DIRECTIONS FOR THIS TASK
Reproduce verbatim all of the data given below, but do not carry over the images.

COLLECTED MATERIAL
------------------------------------------------

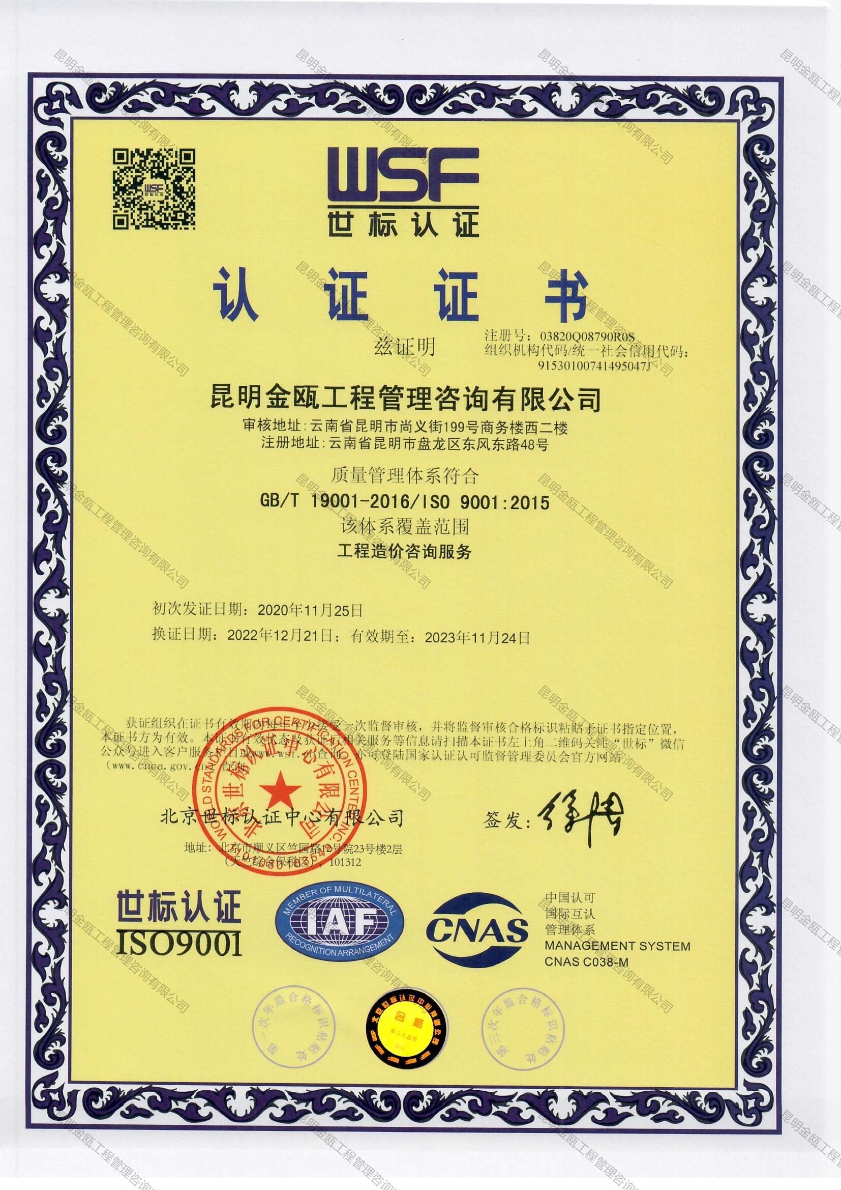 公司名稱: 昆明金甌工程管理咨詢有限公司
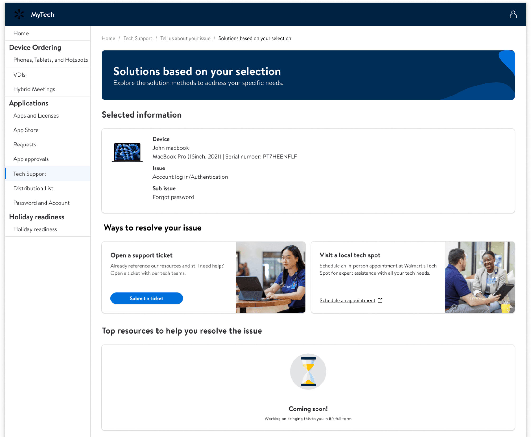 The existing tech support experience failed to serve the diverse needs of 850+ associates across Walmart’s Home Office, creating friction for users and IT support agents.
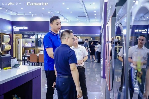 签约仪式结束后,双方领导、产品经理互相参观门店,对于品牌营销战略合作做进一步的探讨。为了向消费者更加直观展示双方的精致舒适理念,双方领导、产品经理联合主持人及舒适生活体验官进行了联动直播。在LAZBOY和卡萨帝双方硬核产品的加持下,大家畅谈对于精智舒适生活的想象,并在客厅、餐厅、生活区等场景亲身体验产品,将双方品牌价值深度融合,吸引众多观看,引爆线上热度。
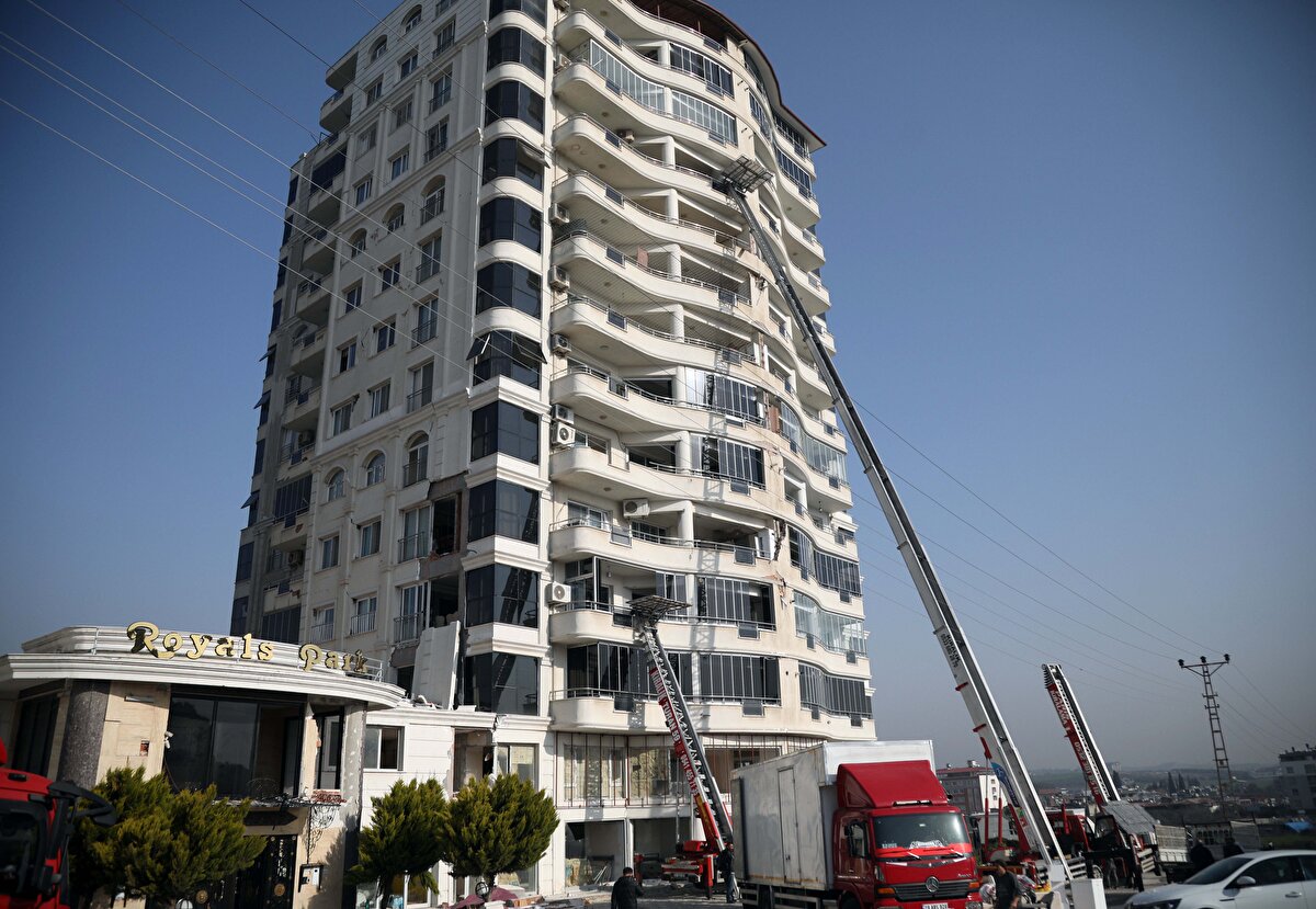 Antakya'nın sokak veya caddelerinde, olası artçı sarsıntıda yıkım tehlikesi bulunan birçok binada, yasak olmasına rağmen eşya taşıma işlemi sürüyor. 14'er katlı toplamda 90 daire ve biri ağır hasarlı 2 bloktan oluşan Royals Park adlı sitede, aynı anda 5 nakliye firması günün erken saatlerinden itibaren, evlerden eşyaları aldı.

------------------------------------------------

SOLUTION BELOW
 公司名稱: 昆明金甌工程管理咨詢有限公司
 The existing tech support experience failed to serve the diverse needs of 850+ associates across Walmart’s Home Office, creating friction for users and IT support agents.
 签约仪式结束后,双方领导、产品经理互相参观门店,对于品牌营销战略合作做进一步的探讨。为了向消费者更加直观展示双方的精致舒适理念,双方领导、产品经理联合主持人及舒适生活体验官进行了联动直播。在LAZBOY和卡萨帝双方硬核产品的加持下,大家畅谈对于精智舒适生活的想象,并在客厅、餐厅、生活区等场景亲身体验产品,将双方品牌价值深度融合,吸引众多观看,引爆线上热度。
 Antakya'nın sokak veya caddelerinde, olası artçı sarsıntıda yıkım tehlikesi bulunan birçok binada, yasak olmasına rağmen eşya taşıma işlemi sürüyor. 14'er katlı toplamda 90 daire ve biri ağır hasarlı 2 bloktan oluşan Royals Park adlı sitede, aynı anda 5 nakliye firması günün erken saatlerinden itibaren, evlerden eşyaları aldı.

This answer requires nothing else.